This awkward acronym simply stands for earnings before interest, taxes, depreciation, and amortization. EBITDA is one of the factors used to analyze a company's financial health.
- TIP: You can find the Enterprise Multiple, a ratio used to determine the value of a company, by dividing the Enterprise Value, or EV, with EBITDA.
- Step 1: Realize that EBITDA is a non-GAAP, or Generally Accepted Accounting Principles, formula that allows for more discretion as to what is, and what is not, included in the calculation. Companies frequently change items included in their EBITDA calculation from one reporting period to the next.
- FACT: EBITDA started being frequently used in the 1980s, as many leveraged buyouts were taking place, when it was used to measure the ability of a company to service its debt.

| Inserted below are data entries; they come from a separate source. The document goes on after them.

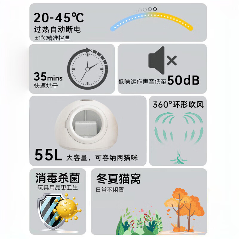 宠智迪宠物烘干箱猫咪狗狗洗澡烘干机家用智能恒温杀菌护毛吹水神器 基础款(紫外线 富氧新风系统)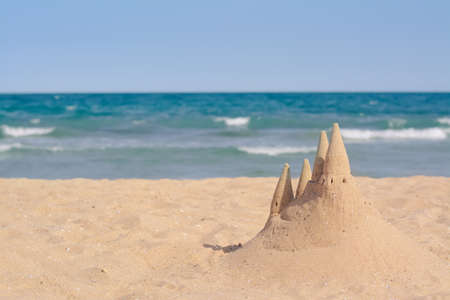 Sand castle on the beach with blue sea on background. Summer holidays and travel. Family vacation
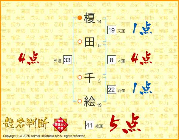 生活面を象徴する運勢です。外部から受ける影響力を表し、結婚運、家庭運や職場、環境への順応性を表します。総運から人運を引いた画数。姓や名が1文字の場合を除く。
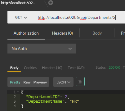 GET: api/Departments/{department ID} – Get the Department Records based on ID.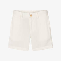 White shorts for boys by Ralph Lauren, made in a comfortable cotton jersey blend. These casual shorts are embroidered with a Polo Ralph Lauren logo below the left pocket. The drawstring waistband ensures a good fit.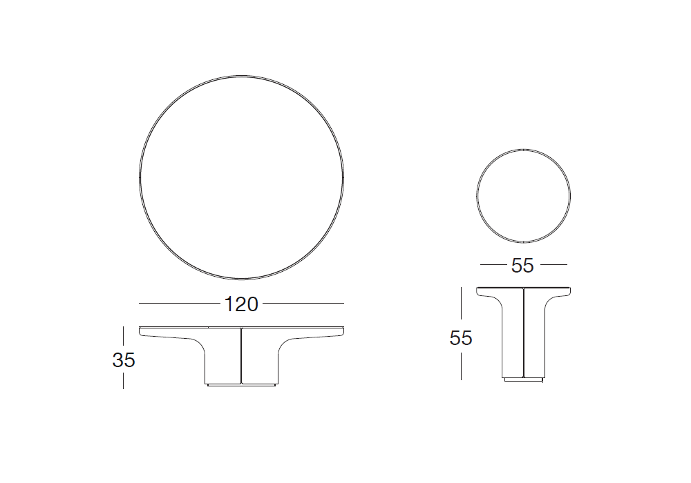| Dimensioni | Ø 120 x H 35 cm; Ø 55 x H 55 cm. |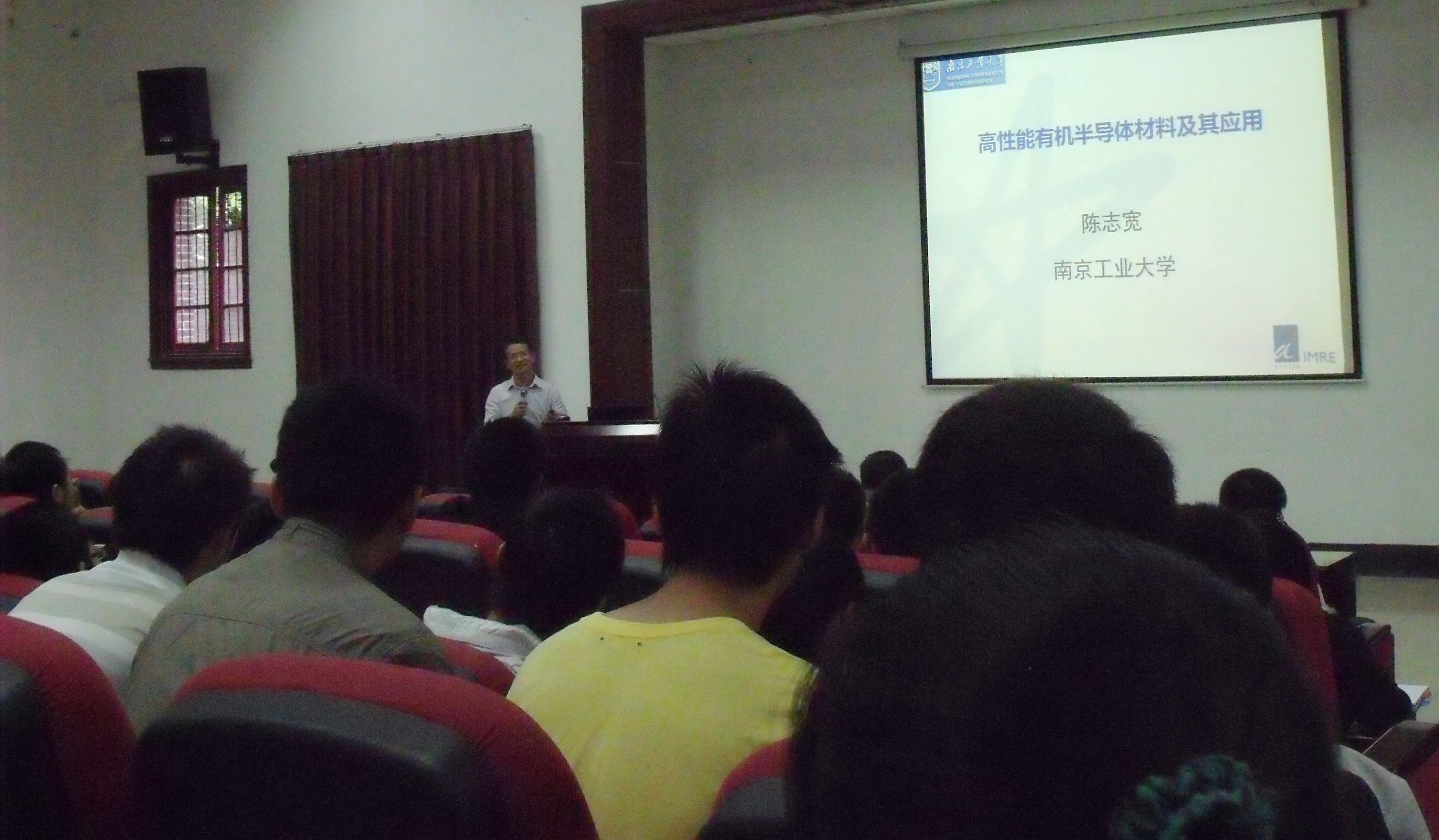 2013年9月5日上午,南京工业大学先进材料研究院陈志宽教授应77779193永利官网邀请,在化学馆321报告厅,作了题为《Development of High Performance Organic Semiconductors for Organic Electronics》的学术报告。陈教授分别从有机电致发光、有机光伏和有机场效应晶体管三个方面介绍了他们课题组在三类有机光电材料的设计制备和器件应用方面的研究工作,很多结果至今还保持着国际领先的水平。随后,陈教授还介绍了南京工业大学先进材料研究院的筹建情况,热忱欢迎立志于从事有机光电的老师和学生的合作和加盟。最后,陈教授还与参会老师和同学就本领域的一些热点问题开展了交流讨论。陈志宽教授简介:南京工业大学先进材料研究院教授,博士生导师。1989年毕业于北京大学,获得应用化学专业学士学位,并分别于1992、1995年获得北京大学有机化学专业硕士及博士学位。1995年,加入新加坡国立大学化学系从事博士后工作,1998年加入新加坡材料研究与工程研究院从事有机电子学的研究。在研究院工作期间,历任研究员,高级研究员,首席科学家,产业化项目负责人。2002年至2006年间任“分子与功能材料部”副主任;2007年至2010年间任“合成与集成部”副主任;2011年任“合成与集成部”主任。2006年至2010年间担任新加坡南洋理工大学材料与工程学院兼职副教授;2011年至2012年间担任新加坡国立大学化学系兼职教授。同期担任新加坡多家公司的首席技术顾问。陈教授主要从事有机光电材料的设计与合成、材料光电特性及薄膜特性、材料的器件特性及其与材料结构的构效关系研究,同时也探索器件制程、器件物理、器件集成等方面的研究。

- Step 2: Arrive at EBITDA by adding net income to interest, taxes, depreciation, and amortization costs and subtract this number from the total expenses. Subtract the resulting total from revenue to find EBITDA, which is essentially revenues minus expenses.
- Step 3: Ascertain the cost of amortization. Amortization in a company is usually the depreciation of intangible assets.
- Step 4: Establish the amount of interest paid, which is the debt the company incurred to finance purchases.
- Step 5: Find the total amount of income taxes paid to local, county, state, and federal government.
- Step 6: Locate the cost of depreciation. Depreciation indicates assets that have lost value over time through aging or becoming obsolete.
- Step 7: Determine net income, which is total income minus total expenses. You can find net income on the company's income statement. If total income is $500 and total expenses are $450, then net income is $50.